From the half-repaired Armor, a man in a light tan jumpsuit slipped out of th
e open pod. A long ponytail of salt-and-pepper hair flopped down over his shoulder as he landed on one foot, his other leg stiff and unable to hold weight. He steadied himself against the Armor, then made the sign of the cross over his chest.
“A man died in there,” the newcomer said, his accent German. “May the Lord receive him.”
“Colonel Carius,” Sigmund said, walking over and saluting his brigade commander. “I didn’t expect to see you so soon.”
“Things move fast when the generals start panicking,” Carius said, returning the salute before taking up a cane hanging on the railing. “The planners didn’t think the Chi-com would bring their Damocles platform into the strategic equation. My Armor was the first element they could bring in as an answer. Three lances came with me via commercial transport. Not the best way to cross the Pacific, but here we are. Rest of the brigade’s taking a slow airship out of Knox.”
“You flew commercial?”
“Stuffed into the bottom of an Ibarra Air jetliner with XVIII Airborne Corps operations staff sitting in coach. It was the fastest way to get Down Under, as you’d used up the only hypersonic transport we had on station at Knox,” Carius said. “But enough of the small talk, yes?”
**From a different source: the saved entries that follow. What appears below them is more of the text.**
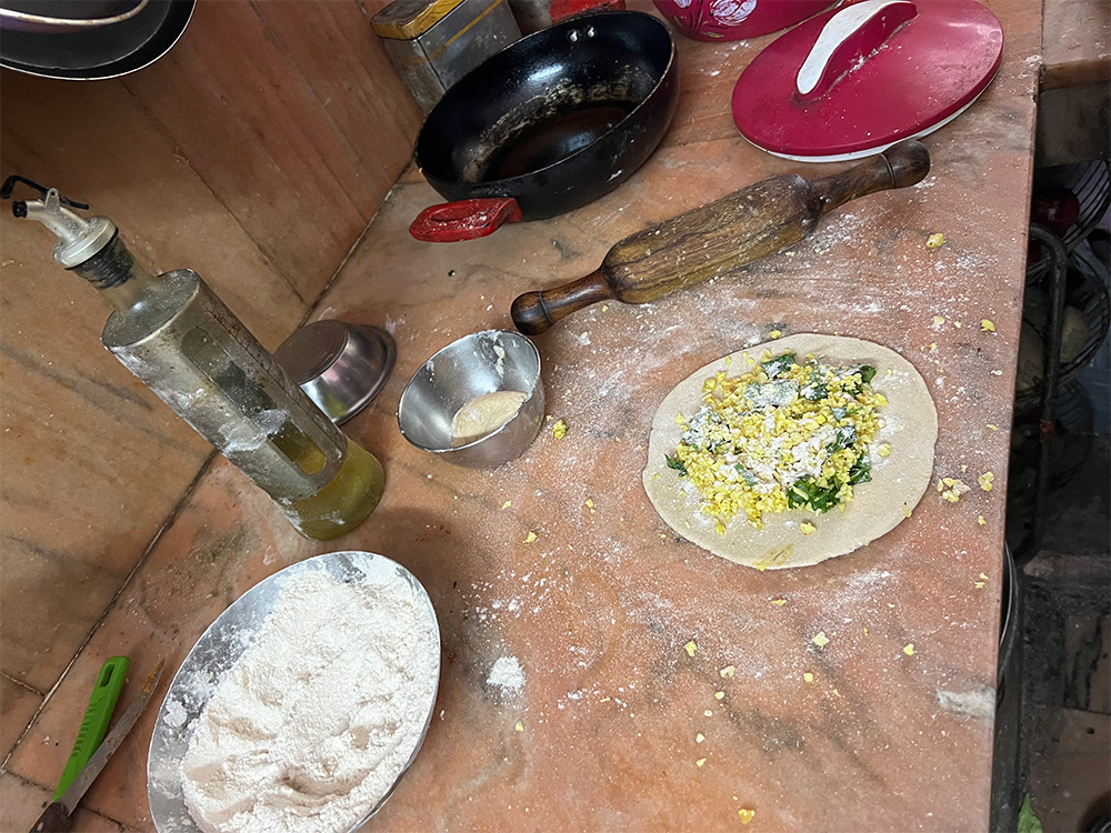 最後に、私にさまざまなインド料理を教えてくれた友人宅の台所。写真は、先程紹介したゴビ・パラタを作っているところです。
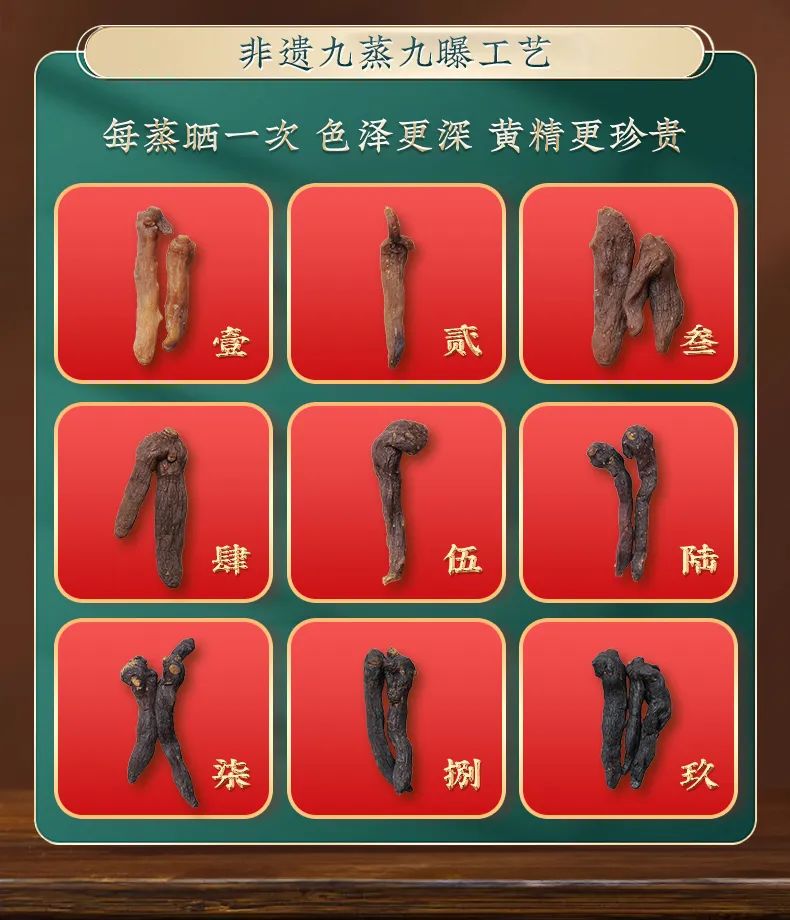 然而,我们这款历经九蒸九晒的泰山黑金黄精,营养不仅没有流失,反而进一步升华。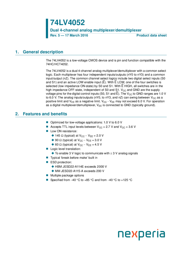 74LV4052PW Dual 4-channel analog multiplexer/demultiplexer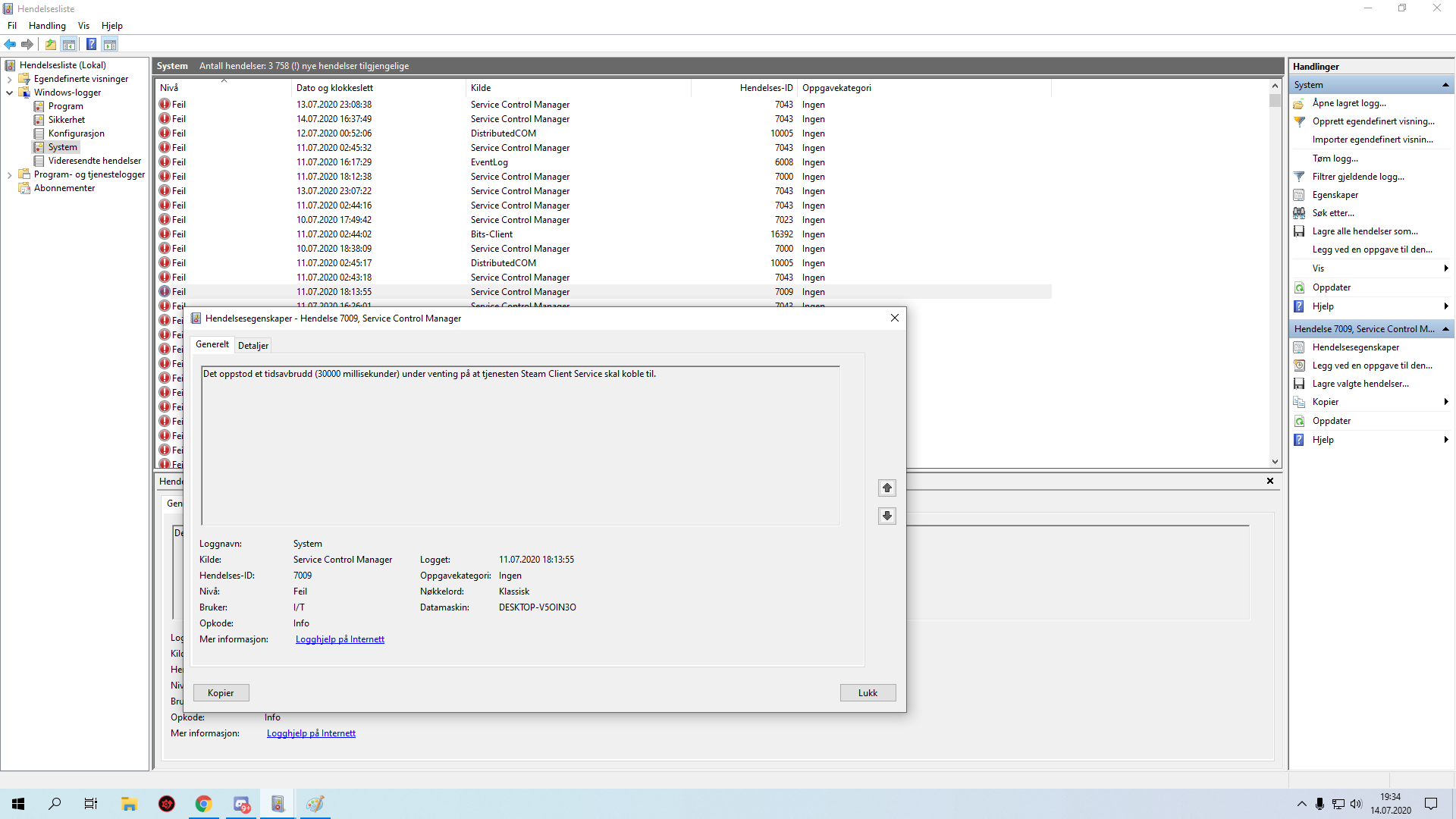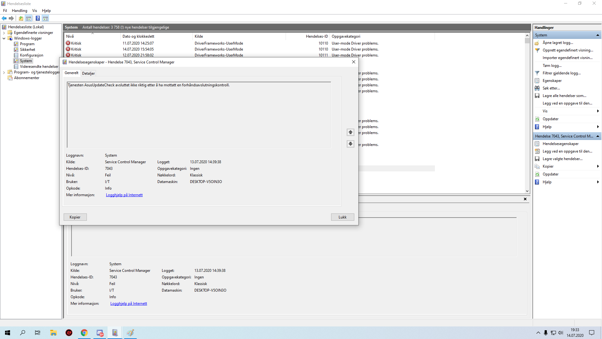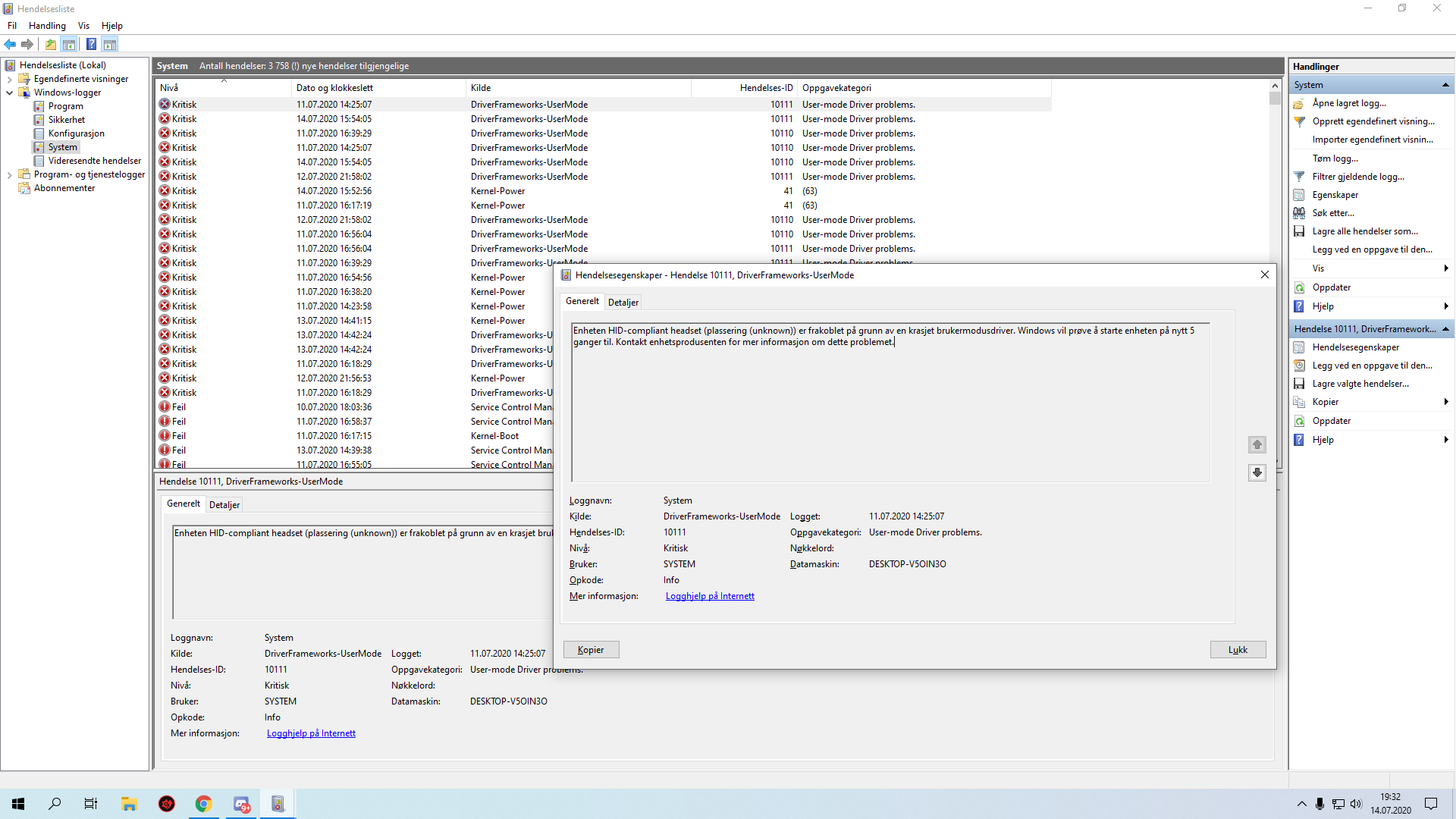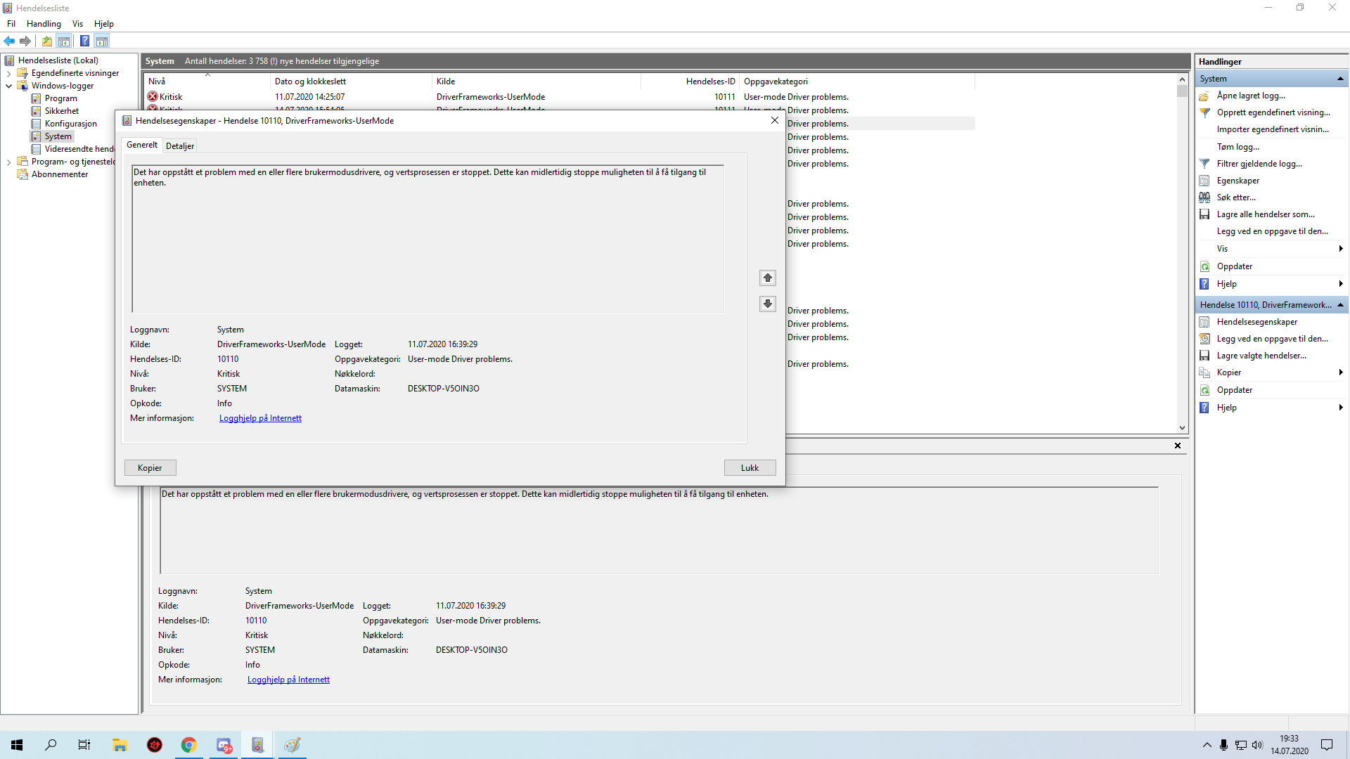 Cipher Panda Skrevet 14. juli 2020 Skrevet 14. juli 2020 ?Hva sier Hendelsesliste under Windows & System under Windows-logger? Advarsler og feil er relevante.

Carius’ eyes darted to the empty bay.
“We ran into some Dragons,” Sigmund said. “Roy got separated in the melee and went MIA. It’s my fault, sir. He hesitated in his first engagement. I shouldn’t have taken him into the field again.”
“No one’s ever ready for their first fight.” Carius rubbed his bad hip and made his way down the catwalk. “And I sent you to the opposite side of the planet with a single lance mate with instructions little better than ‘Find Chi-com. Shoot Chi-com. Repeat as necessary.’ I thought Roy was up for this…but you can’t have a trial by fire without the fire, yes?”
“Doesn’t change the fact that he’s likely dead,” Sigmund said. “First his brother…now I have to write a letter to the family. Again.”
“You assume he’s dead,” Carius said, wagging a finger at him, “which does not speak of your confidence in him. And you take the blame upon yourself, which is your burden as his leader, but his fate is not your responsibility, Sigmund.”